I stalked out into the lobby, got in the elevator and hit the button for the tenth floor. What the hell had I been thinking? Hitting that guy would attract attention. I’d never even contemplate doing that normally, even if he’d been up in my face. And he hadn’t been. He’d just scared her away.
Her.
Those hazel eyes and that pale skin. She’d made me completely lose reason.
And she’d made me forget who I was...
what
I was. I’d seen an angel but I’d forgotten that angels are out of reach of mortal men...let alone devils.
For a second there, I’d seen a different world—a world of warmth and comfort and laughter. That wasn’t my world and it never would be. Doing what I do means living outside that world, in a place that’s cold and unforgiving. The harshness of it is what makes me keep my edge. If I lose that edge, I’m nothing.

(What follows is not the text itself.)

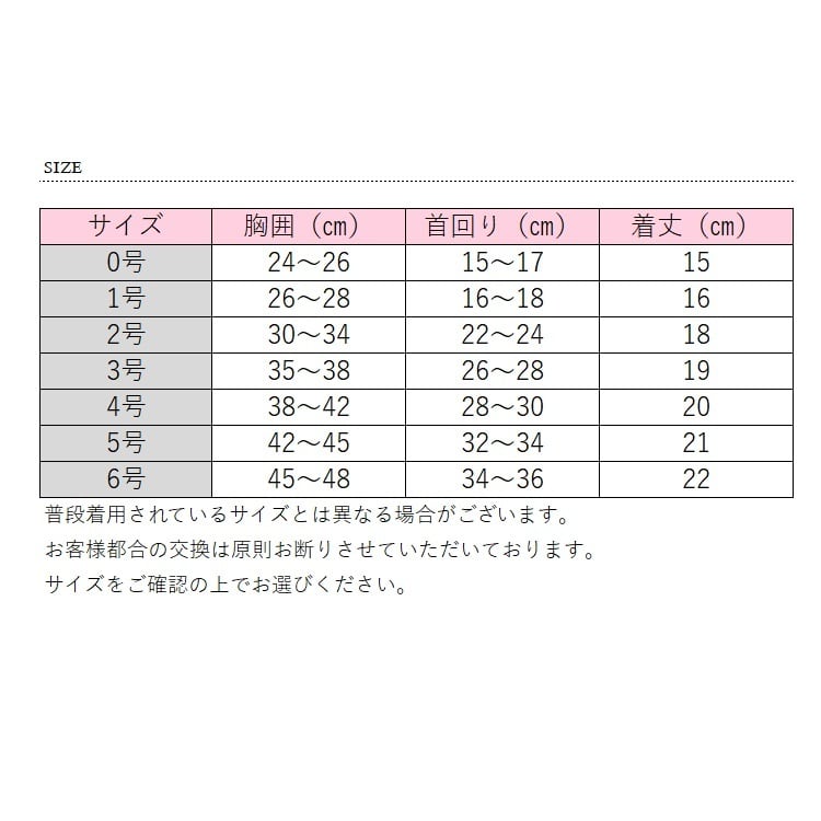 サイズ 胸囲 首回り 着丈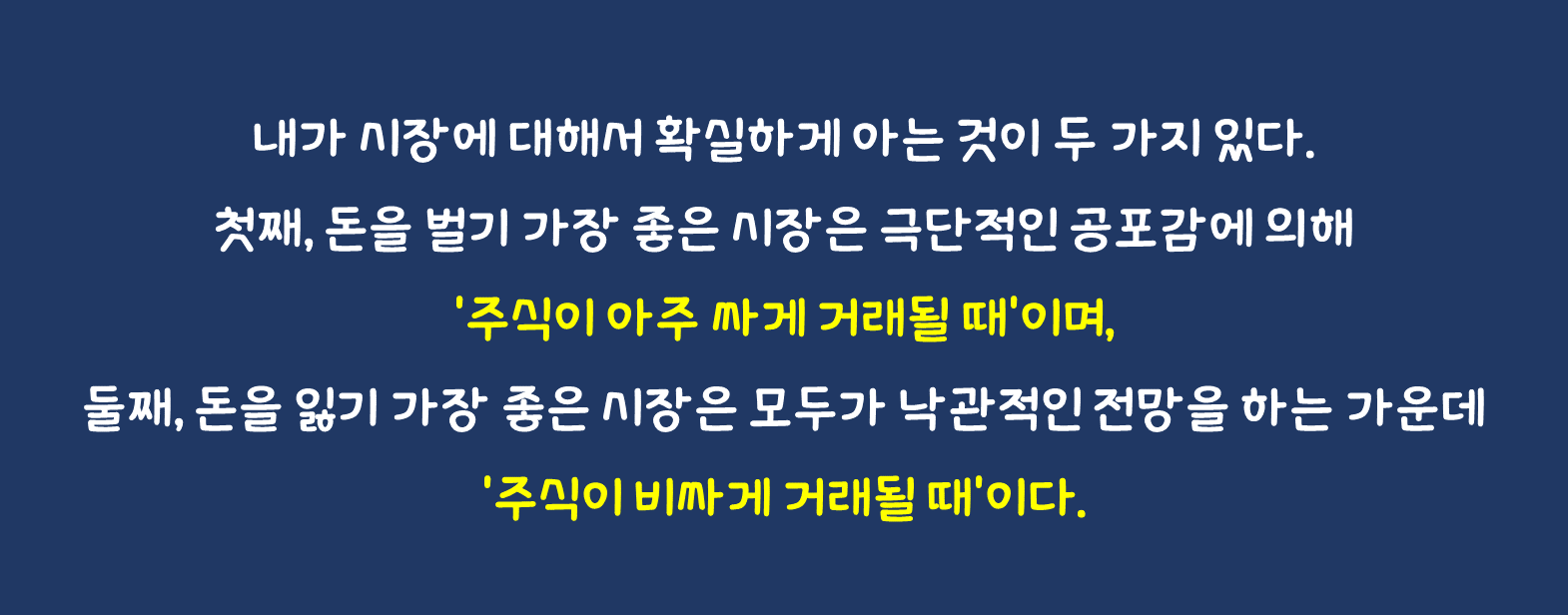 많은 주식의 대가들이 시장은 알 수 없다고 이야기했다. 필자 역시 2020년 상반기 코스피가 1,500 포인트까지 깨질 것이라고는 꿈에서도 예상 못했다. 그리고 이번 상승장이 언제, 또 어디까지 진행될지 알지 못한다. 하지만 내가 시장에 대해서 확실하게 아는 것이 두 가지 있다. 첫째, 돈을 벌기 가장 좋은 시장은 극단적인 공포감에 의해 '주식이 아주 싸게 거래될 때'이며, 둘째, 돈을 잃기 가장 좋은 시장은 모두가 낙관적인 전망을 하는 가운데 '주식이 비싸게 거래될 때'이다.

I’d lost it just then, just for a second, when I’d hit that guy. No, before that—when I’d asked who she was. I should have just walked away.
I shouldn’t have been interested in her in the first place.
Oh, sure, I love to fuck. I’ll take a blonde from a bar home for the night. Some of those women have a thing for gangsters—they soak their panties, right there in the bar, because it’s so
dangerous
and
wrong
to fuck us. I take those women home and show them exactly what it’s like to be pounded by a bad boy. I give them every sweaty, gasping orgasm they can manage and more and it feels good, for a few hours. But in the morning it’s over. I never see them again and I don’t care.
Her, though...I’d barely met her and yet the idea of not seeing her again made me crazy.
Get yourself together!
I straightened my tie and stepped out onto the tenth floor. All I wanted to do was to get the layout of the place. I walked down the hallway, counting rooms and figuring out which window it would be. One, two, three, four, five, six.
I stopped outside 1006. That’s all Nikolai had given me—Apartment 1006. I didn’t even have the name of the guy.
It was almost tempting to knock on the door right now and get it done. But I’ve survived this job so long because I do things carefully, step by step. The guy could have five men in there with him, or a girlfriend or even a kid. I’d check it out first through the window.
Then I’d kill him.
Gabriella
When my breathing had slowed, I walked through to my office and sat down at my desk. Working would make me feel better...and stop me thinking about what had just happened downstairs. Lilywhite and Yolanda were waiting for me in the little chat window we keep running in the corner of our screens.